◆ **ACTION ITEM**
Your task is to repeat the entries underneath exactly, minus the pictures.

◆ **DATASET EXCERPTS**
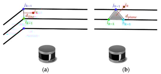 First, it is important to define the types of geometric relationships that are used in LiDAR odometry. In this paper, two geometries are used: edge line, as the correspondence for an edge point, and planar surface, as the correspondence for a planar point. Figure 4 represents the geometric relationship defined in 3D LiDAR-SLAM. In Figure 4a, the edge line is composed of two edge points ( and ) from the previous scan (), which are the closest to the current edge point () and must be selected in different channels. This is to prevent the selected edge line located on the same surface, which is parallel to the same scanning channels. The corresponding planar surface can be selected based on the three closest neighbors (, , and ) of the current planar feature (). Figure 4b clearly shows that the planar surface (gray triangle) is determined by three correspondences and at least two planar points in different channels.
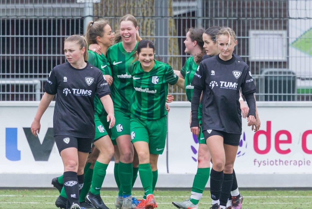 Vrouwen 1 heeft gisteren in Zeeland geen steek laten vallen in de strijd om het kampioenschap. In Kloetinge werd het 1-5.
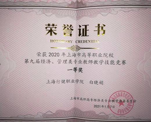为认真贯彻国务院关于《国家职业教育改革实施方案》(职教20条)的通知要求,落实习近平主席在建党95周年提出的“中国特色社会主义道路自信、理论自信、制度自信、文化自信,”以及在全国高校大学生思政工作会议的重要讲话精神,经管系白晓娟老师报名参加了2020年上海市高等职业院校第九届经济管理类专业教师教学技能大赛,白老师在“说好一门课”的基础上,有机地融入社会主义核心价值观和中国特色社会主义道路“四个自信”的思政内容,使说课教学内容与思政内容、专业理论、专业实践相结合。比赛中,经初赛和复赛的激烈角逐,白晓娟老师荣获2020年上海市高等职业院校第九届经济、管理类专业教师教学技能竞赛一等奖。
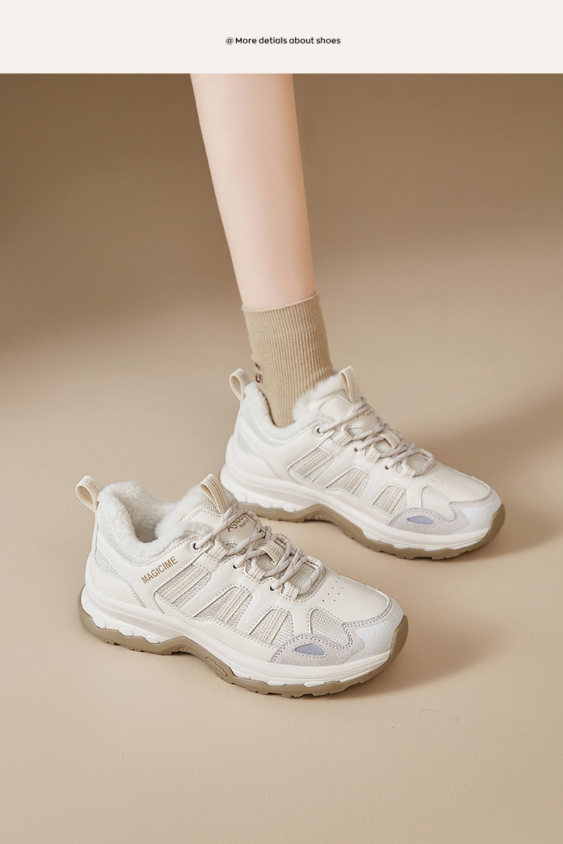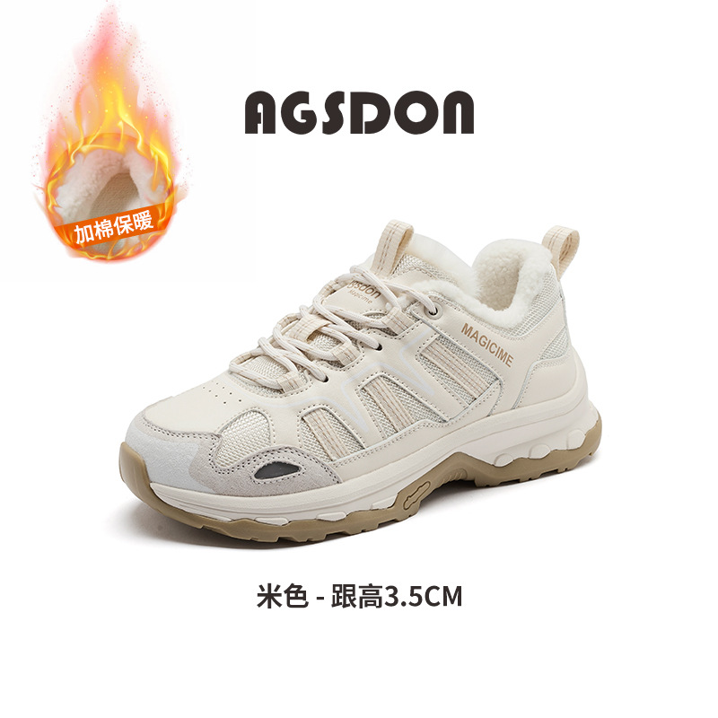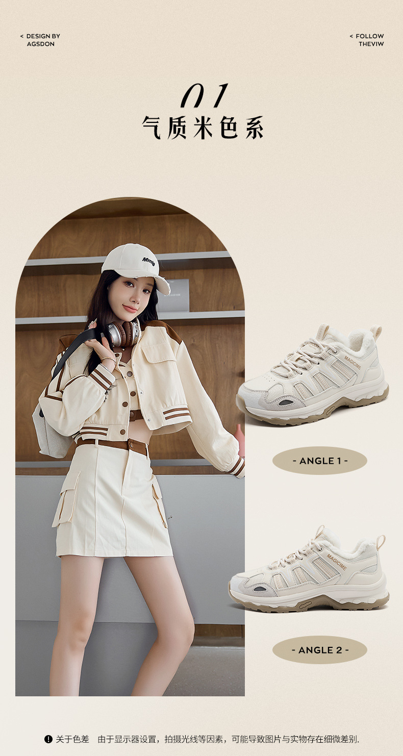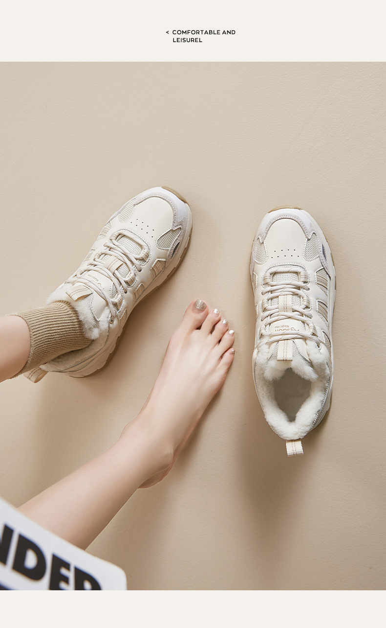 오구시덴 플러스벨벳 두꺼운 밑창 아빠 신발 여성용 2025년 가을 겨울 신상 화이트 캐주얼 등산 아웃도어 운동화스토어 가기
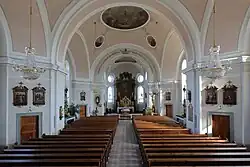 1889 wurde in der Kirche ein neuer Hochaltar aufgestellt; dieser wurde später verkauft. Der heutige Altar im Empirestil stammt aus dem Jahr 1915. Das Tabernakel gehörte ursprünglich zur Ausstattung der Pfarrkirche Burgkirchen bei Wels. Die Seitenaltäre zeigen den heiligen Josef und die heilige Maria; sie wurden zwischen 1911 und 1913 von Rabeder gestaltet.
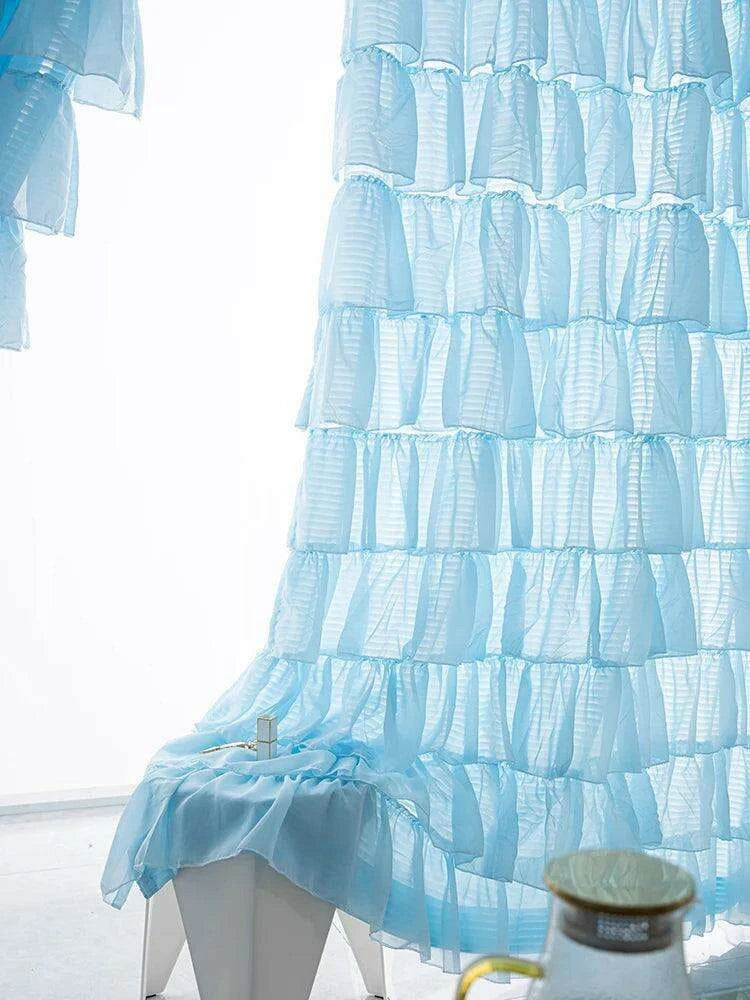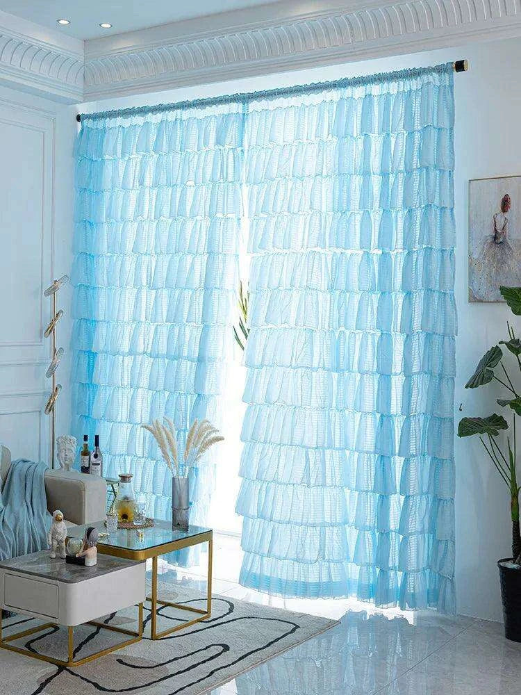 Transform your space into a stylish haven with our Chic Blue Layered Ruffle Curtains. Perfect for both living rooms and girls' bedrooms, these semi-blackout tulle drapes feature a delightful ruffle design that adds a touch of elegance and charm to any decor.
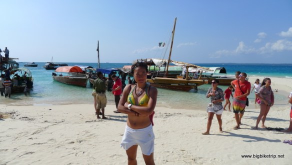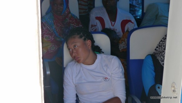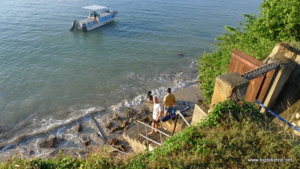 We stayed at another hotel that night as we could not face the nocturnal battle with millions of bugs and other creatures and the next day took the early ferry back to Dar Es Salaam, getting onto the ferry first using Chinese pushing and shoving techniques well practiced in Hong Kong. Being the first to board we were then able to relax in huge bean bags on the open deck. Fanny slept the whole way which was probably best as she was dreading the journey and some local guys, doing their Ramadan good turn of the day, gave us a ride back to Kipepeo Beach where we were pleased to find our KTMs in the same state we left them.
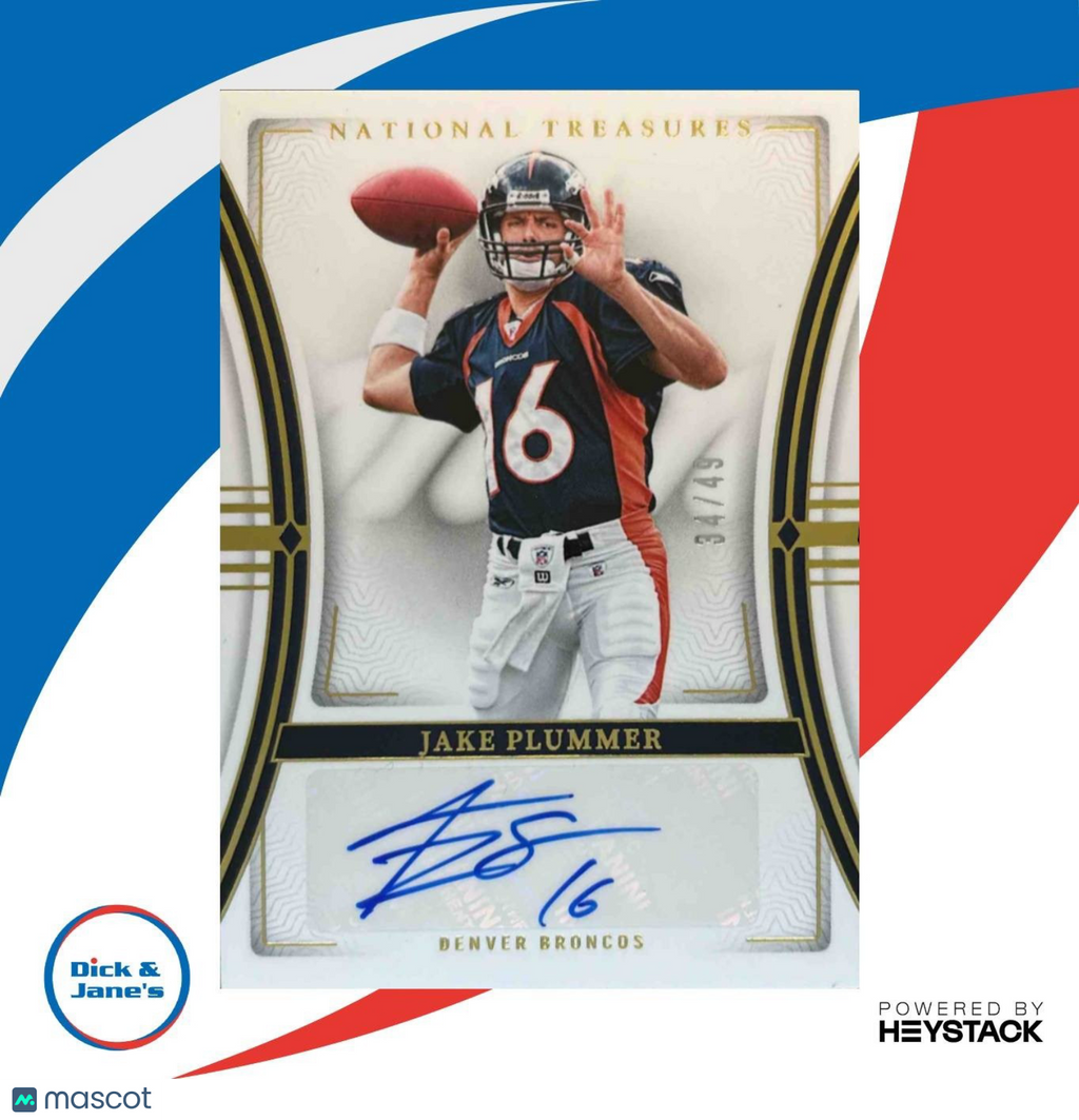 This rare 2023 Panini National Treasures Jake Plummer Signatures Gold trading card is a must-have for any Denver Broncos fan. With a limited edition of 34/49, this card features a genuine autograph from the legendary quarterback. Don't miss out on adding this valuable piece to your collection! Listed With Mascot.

◆ **OUTPUT FOR THIS EXERCISE**
 First, it is important to define the types of geometric relationships that are used in LiDAR odometry. In this paper, two geometries are used: edge line, as the correspondence for an edge point, and planar surface, as the correspondence for a planar point. Figure 4 represents the geometric relationship defined in 3D LiDAR-SLAM. In Figure 4a, the edge line is composed of two edge points ( and ) from the previous scan (), which are the closest to the current edge point () and must be selected in different channels. This is to prevent the selected edge line located on the same surface, which is parallel to the same scanning channels. The corresponding planar surface can be selected based on the three closest neighbors (, , and ) of the current planar feature (). Figure 4b clearly shows that the planar surface (gray triangle) is determined by three correspondences and at least two planar points in different channels.
 Vrouwen 1 heeft gisteren in Zeeland geen steek laten vallen in de strijd om het kampioenschap. In Kloetinge werd het 1-5.
为认真贯彻国务院关于《国家职业教育改革实施方案》(职教20条)的通知要求,落实习近平主席在建党95周年提出的“中国特色社会主义道路自信、理论自信、制度自信、文化自信,”以及在全国高校大学生思政工作会议的重要讲话精神,经管系白晓娟老师报名参加了2020年上海市高等职业院校第九届经济管理类专业教师教学技能大赛,白老师在“说好一门课”的基础上,有机地融入社会主义核心价值观和中国特色社会主义道路“四个自信”的思政内容,使说课教学内容与思政内容、专业理论、专业实践相结合。比赛中,经初赛和复赛的激烈角逐,白晓娟老师荣获2020年上海市高等职业院校第九届经济、管理类专业教师教学技能竞赛一等奖。
 오구시덴 플러스벨벳 두꺼운 밑창 아빠 신발 여성용 2025년 가을 겨울 신상 화이트 캐주얼 등산 아웃도어 운동화스토어 가기
 1889 wurde in der Kirche ein neuer Hochaltar aufgestellt; dieser wurde später verkauft. Der heutige Altar im Empirestil stammt aus dem Jahr 1915. Das Tabernakel gehörte ursprünglich zur Ausstattung der Pfarrkirche Burgkirchen bei Wels. Die Seitenaltäre zeigen den heiligen Josef und die heilige Maria; sie wurden zwischen 1911 und 1913 von Rabeder gestaltet.
 Transform your space into a stylish haven with our Chic Blue Layered Ruffle Curtains. Perfect for both living rooms and girls' bedrooms, these semi-blackout tulle drapes feature a delightful ruffle design that adds a touch of elegance and charm to any decor.
 We stayed at another hotel that night as we could not face the nocturnal battle with millions of bugs and other creatures and the next day took the early ferry back to Dar Es Salaam, getting onto the ferry first using Chinese pushing and shoving techniques well practiced in Hong Kong. Being the first to board we were then able to relax in huge bean bags on the open deck. Fanny slept the whole way which was probably best as she was dreading the journey and some local guys, doing their Ramadan good turn of the day, gave us a ride back to Kipepeo Beach where we were pleased to find our KTMs in the same state we left them.
 This rare 2023 Panini National Treasures Jake Plummer Signatures Gold trading card is a must-have for any Denver Broncos fan. With a limited edition of 34/49, this card features a genuine autograph from the legendary quarterback. Don't miss out on adding this valuable piece to your collection! Listed With Mascot.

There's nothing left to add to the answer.